Der oben genannte Gesetzentwurf schafft die notwendige Grundlage für den Erhalt der HOAI als Rechtsverordnung. Deren zeitnahe Anpassung ist nach dem Urteil des Europäischen Gerichtshofs (EuGH) vom 4.7.2019 notwendig geworden.
Begründet hat der EuGH die Europarechtswidrigkeit der verbindlichen Mindestsätze ausschließlich mit der Erwägung, dass in Deutschland Planungsleistungen auch von Dienstleistern erbracht werden dürfen, die nicht ihre fachliche Eignung nachweisen müssen (Rn. 92). Auch für die Vornahme der Leistungen, die diesen Mindestsätzen unterliegen, müssten aus Sicht des Gerichthofs „Mindestgarantien gelten, die die Qualität dieser Leistungen gewährleisten können“ (Rn. 92). Hierin liege eine sogenannte Inkohärenz.
Dieser Aspekt sollte unabhängig von der jetzt anstehenden Änderung des ArchLG und der HOAI in der nächsten Legislaturperiode weiterverfolgt werden. Aber auch im Übrigen kann die Anpassung der HOAI an das EuGH-Urteil nur ein erster Schritt sein. Eine Aktualisierung der Leistungsbilder insbesondere im Hinblick auf zunehmend digitale Planungen (BIM) ist ebenso erforderlich wie eine Überprüfung der derzeitigen, seit 2013 unveränderten Tafelwerte. Beides bedarf umfangreicher Vorbereitungen und sollte daher ebenfalls für die nächste Legislaturperiode vorgesehen werden.
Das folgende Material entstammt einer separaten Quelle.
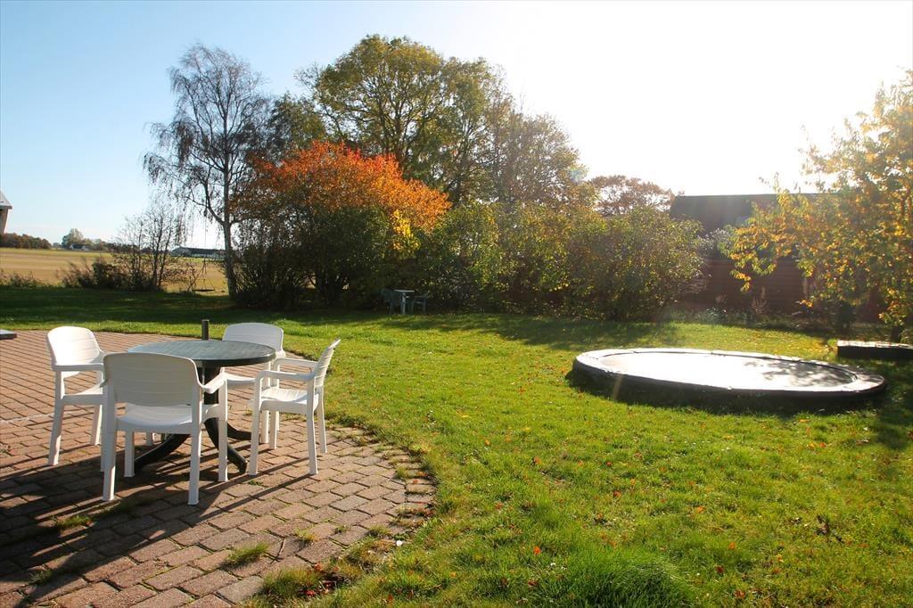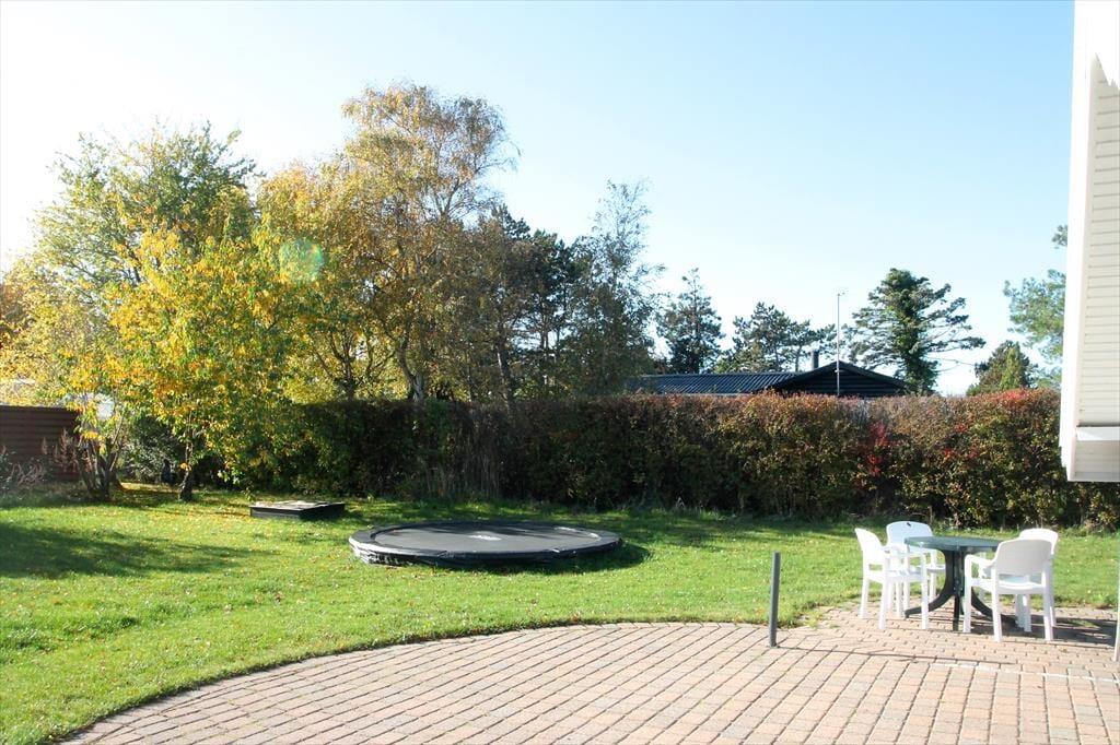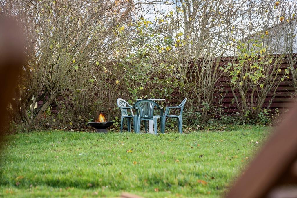 Genieße das Leben im Freien: Im Garten gibt es reichlich Platz für Spiele und Aktivitäten für die Kinder, da eine schöne Rasenfläche mit großem Trampolin und Sandkasten vorhanden ist. Rund um das Haus gibt es mehrere Terrassen, auf denen man die Sonne genießen, sich entspannen oder sich zu einem schönen Grillabend am Gartentisch versammeln kann. Der Terrassenbereich an der Eingangstür ist teilweise überdacht, sodass man hier morgens gemütlich eine Tasse Kaffee genießen kann. Genieße die Natur und den Blick auf die offenen Felder und die Landschaft ringsum. Das Haus liegt nur 500 Meter vom schönen Sandstrand entfernt, ideal für einen erfrischenden Abendspaziergang mit anschließendem Aufwärmen am Feuerkorb im Garten.

Unabhängig davon nehmen wir zum vorliegenden Gesetzentwurf wie folgt Stellung:
Wir befürworten das im Regierungsentwurf vorgesehene Modell, die derzeitigen Honorartafeln zukünftig als Honorarorientierung auszugestalten. Auch im Übrigen halten wir den Entwurf für eine gute Grundlage für die durch das EuGH-Urteil notwendig gewordene Anpassung der HOAI sowie des hiermit im Zusammenhang stehenden Rechtsrahmens. Wir danken der Bundesregierung, insbesondere dem Bundesministerium für Wirtschaft und Energie, dem Bundesministerium des Innern, für Bau und Heimat sowie dem Bundesministerium für Verkehr und digitale Infrastruktur für die geleistete Arbeit. Dies bezieht sich insbesondere auch auf die gegenüber dem ursprünglichen Referentenentwurf vorgenommenen Änderungen, die aus unserer Sicht zu einer erheblichen Verbesserung geführt haben. Dies gilt ungeachtet dessen, dass unsere Vorschläge, die wir weiterhin für zielführend halten, nicht vollumfänglich berücksichtigt worden sind.
Zu Artikel 1
Änderung des Gesetzes zur Regelung von Ingenieur- und Architektenleistungen
Die Planerorganisationen hatten ursprünglich gefordert, im ArchLG eine Ermächtigungsgrundlage zu schaffen, um in der HOAI hinsichtlich des Honorars eine allgemeine Angemessenheitsregelung vorsehen zu können, wie sie in der Steuerberatervergütungsverordnung und dem Rechtsanwaltsvergütungsgesetz enthalten ist. Während der Verband der privaten Bauherren (VPB) dieses Anliegen nachdrücklich unterstützte, stieß es bei den Vertretern der öffentlichen Auftraggeber auf Bedenken. Auch der vorliegende Regierungsentwurf sieht eine solche Regelung nicht vor.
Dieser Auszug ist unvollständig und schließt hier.